These animals were carnivorous, relying less on vegetation for food, it caught it's prey by stealth. In fact, at first all whales were killers. Ambulocetus was a rather slow swimmer, more like sea otters than like modern whales or dolphins. After Ambulocetus was an almost fully aquatic creature known as Rodhocetus. Though it was much more aquatic than Ambulocetus, it still retreated to land. Why is anybody's guess. Probably to bask in the sun or to supplement their diet with small land animals. It was believed, like Ambulocetus, to swim in a rather otter-like fashion. It is however, much more whale-like than it's earlier predecessors.
About 30 million years ago or so, these animals lost their legs and became another very whale-like animal known as Basilosaurus. Basilosaurus was a huge, serpentine whale that inhabited the ancient Tethys sea. Often, these animals still swam up to estuaries to hunt bathing animals. They were scary-looking, with a head much life a shark with crushing jaws and sharp teeth.

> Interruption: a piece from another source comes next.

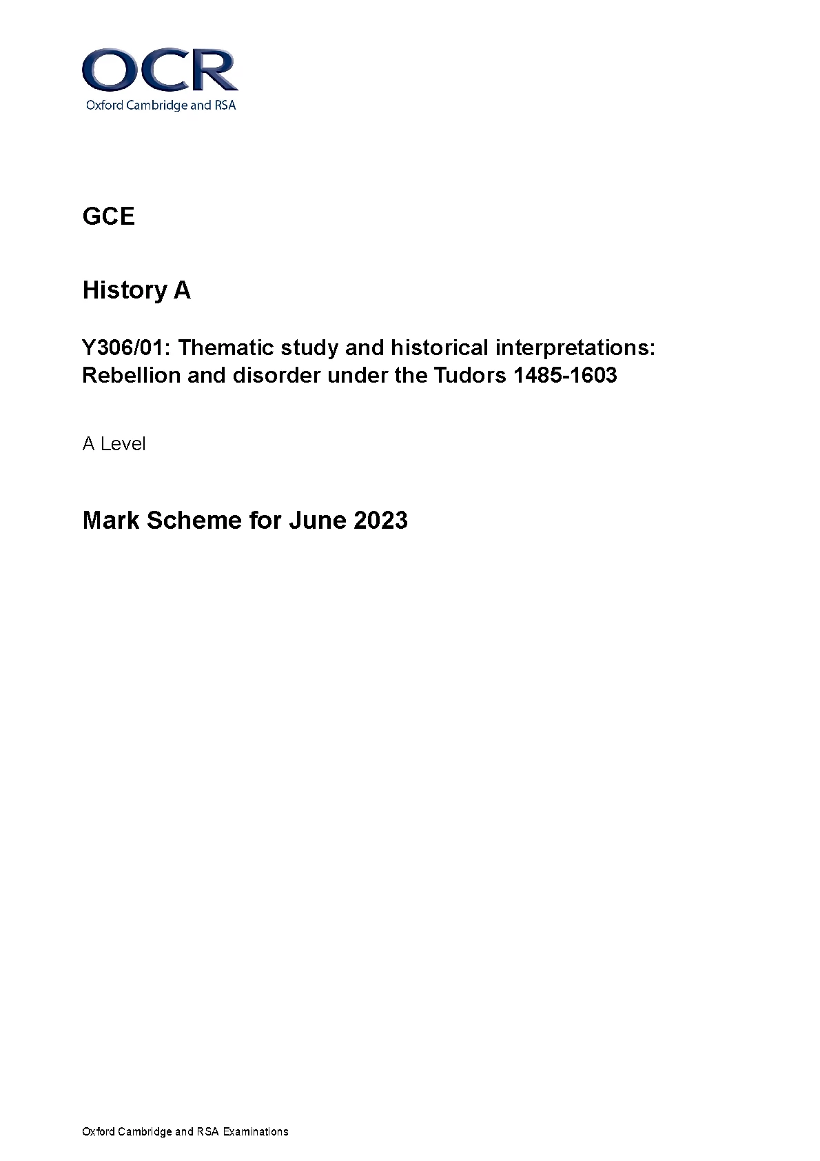 OCR GCE A LEVEL HISTORY A PAPER 1 MARK SCHEME 2023 (Y306/01: Rebellion and Disorder under the Tudors 1485–1603). OCR GCE A LEVEL HISTORY A PAPER 1 MARK SCHEME 2023 (Y306/01: Rebellion and Disorder under the Tudors 1485–1603) OCR GCE A & AS LEVEL Papers and Mark Schemes

This animal was first thought to be a giant lizard, but further studies have pinpointed it as the closest relatives to dolphins. As you can see, they still have remnants of their back legs, but they are greatly reduced and almost useless for all but to steady the females for mating. No modern whale has this, although a bottlenose dolphin, who was a freak of nature was spotted in 2006 that still had hind flippers similar to these. But it was just one animal with some kind of genetic mutation. Indeed embryonic dolphins still have the rear flippers, but these disappear later on in their development.